Assumer son vote

par Fergus
mardi 17 janvier 2023

On entend ou on lit, ici et là, qu’il existerait une obligation d’« assumer son vote » lorsqu’au fil d’un mandat politique en cours montent dans la population des protestations contre la gouvernance de l’exécutif en place. Ce type de réflexion est évidemment frappé au coin du bon sens. Mais dans l’électorat tout le monde n’a pas, loin s’en faut, la même lecture de cette « obligation »...

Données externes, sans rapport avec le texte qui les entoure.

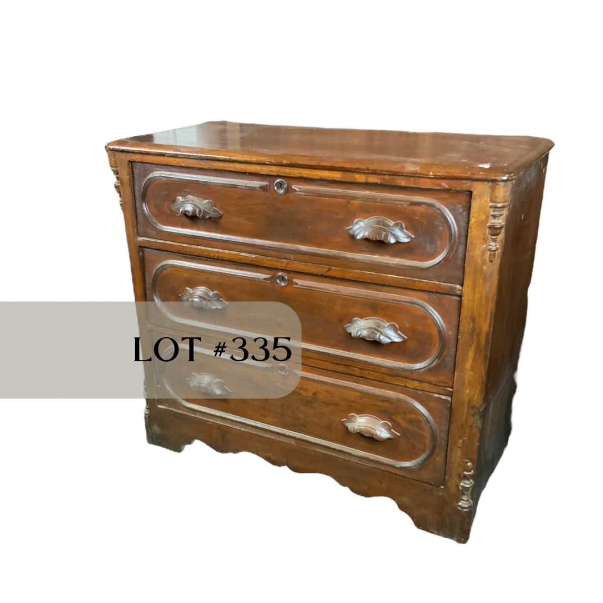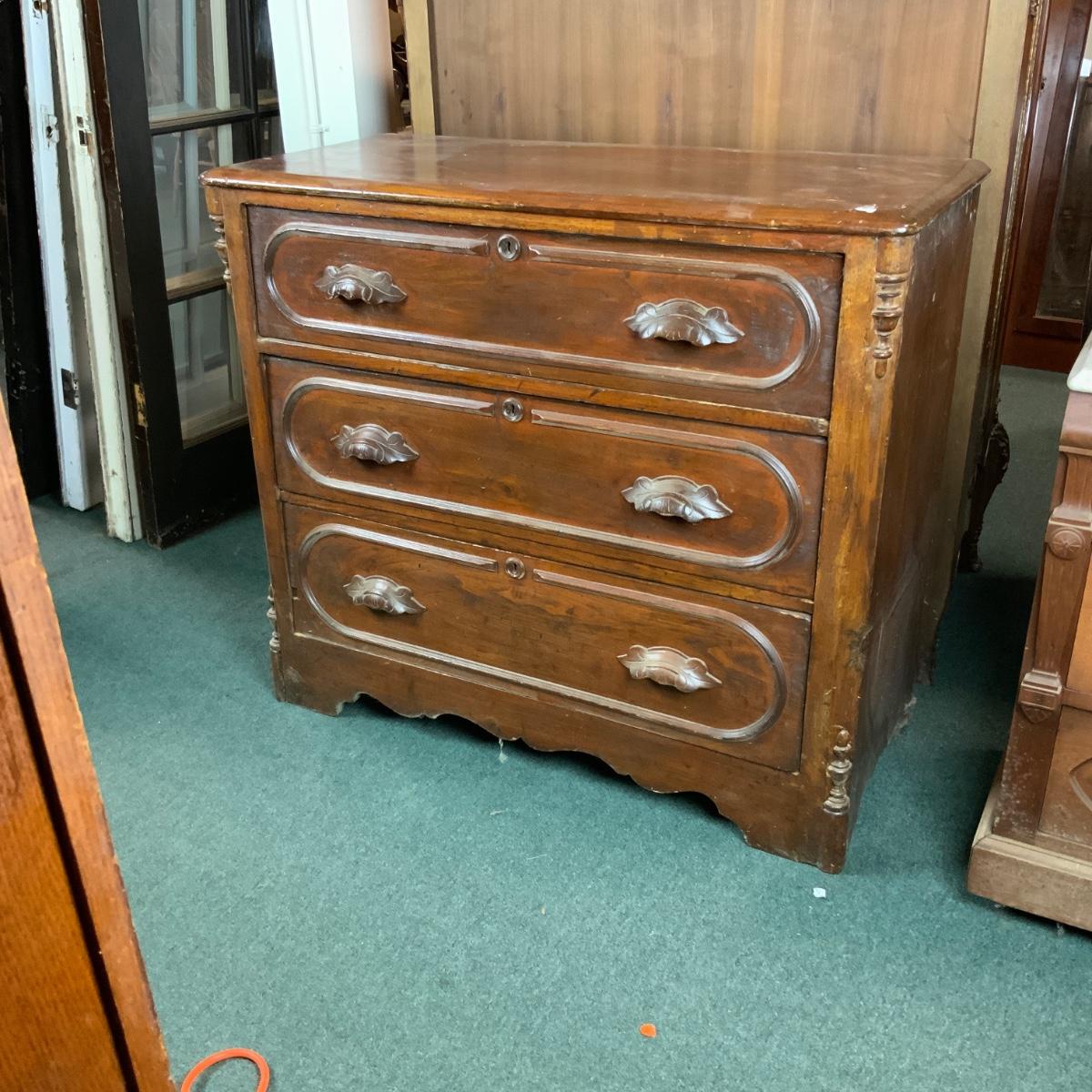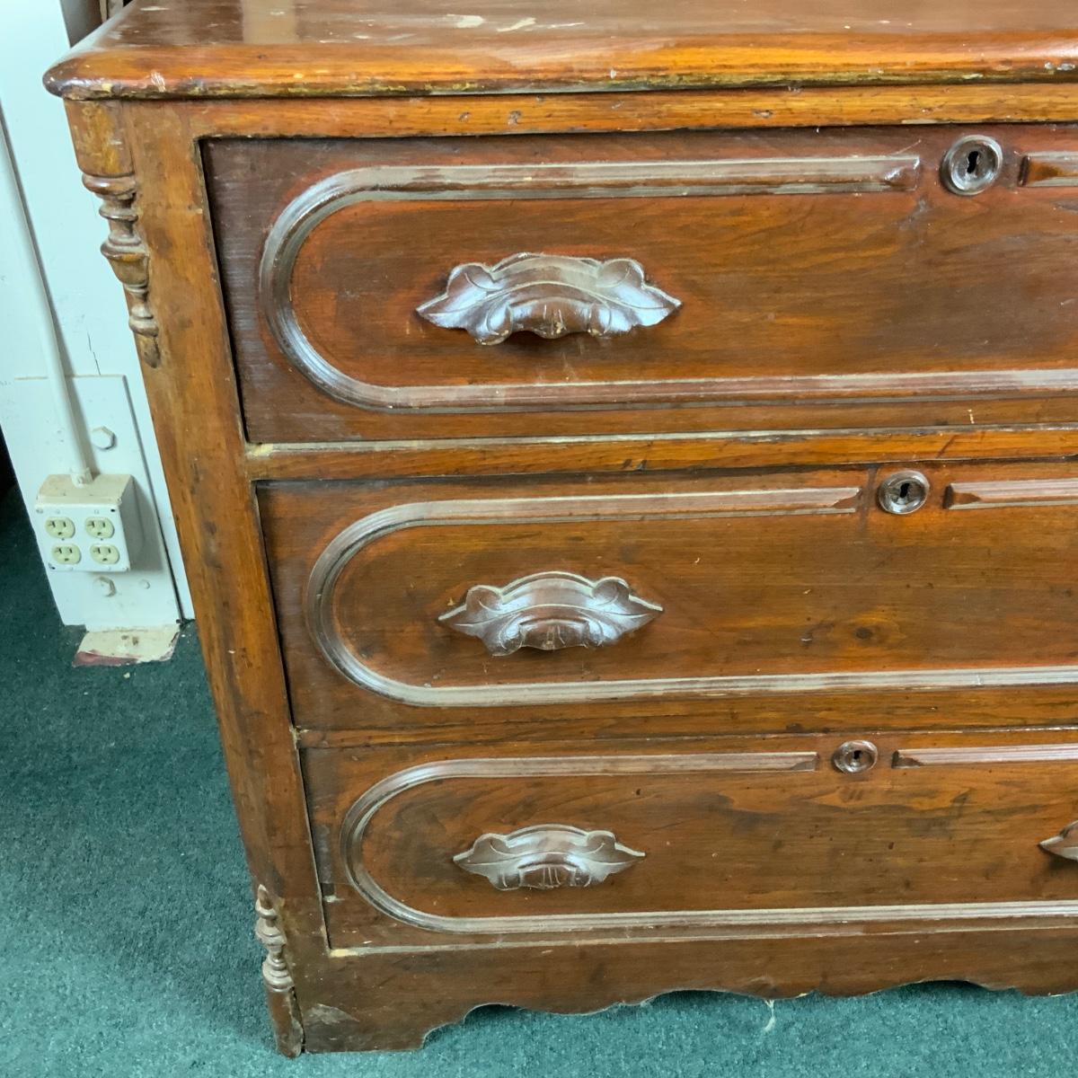 Three drawer dresser, solid piece. //::\\ Please see photos for details and condition. No attempt has been made to hide any imperfections. All items listed in this auction are warehouse items, and need to be cleaned. A majority of the items need restoration as well. All items are sold AS IS and WITHOUT GUARANTEE. If you are uncertain about an item, DO NOT BID. Due to the nature of this online auction in-person inspection is HIGHLY recommended. All Sales are FINAL. Pick Up Times are FIRM. Please confirm with your own schedule that you can pick up in the scheduled times listed in the Terms and Conditions. Any questions please message the auctioneer. DO NOT Contact The Harp Gallery.

L’exemple du mandat présidentiel en cours est, sur ce plan, emblématique. Le 10 avril 2022, Emmanuel Macron s’est qualifié pour le 2e tour de scrutin avec les voix de ses électeurs propres avant, deux semaines plus tard, d’être élu avec les voix des mêmes électeurs augmentées de celles qui sont venues des rangs d’une partie des candidats éliminés au 1er tour, et notamment de l’électorat des candidats de gauche, La France Insoumise ayant fourni dans les urnes l’essentiel de ce renfort décisif.

C’est le jeu démocratique, et peu de monde dans notre pays ne conteste ce fonctionnement de nos institutions, directement lié au mode d’élection du président de la République au suffrage universel. Mais de quelle manière ces votes d’adhésion agrégés aux votes de rejet de l’adversaire du 2e tour (en l’occurrence contre Marine Le Pen) ont-ils engagé les électeurs relativement au président élu et à son action politique ?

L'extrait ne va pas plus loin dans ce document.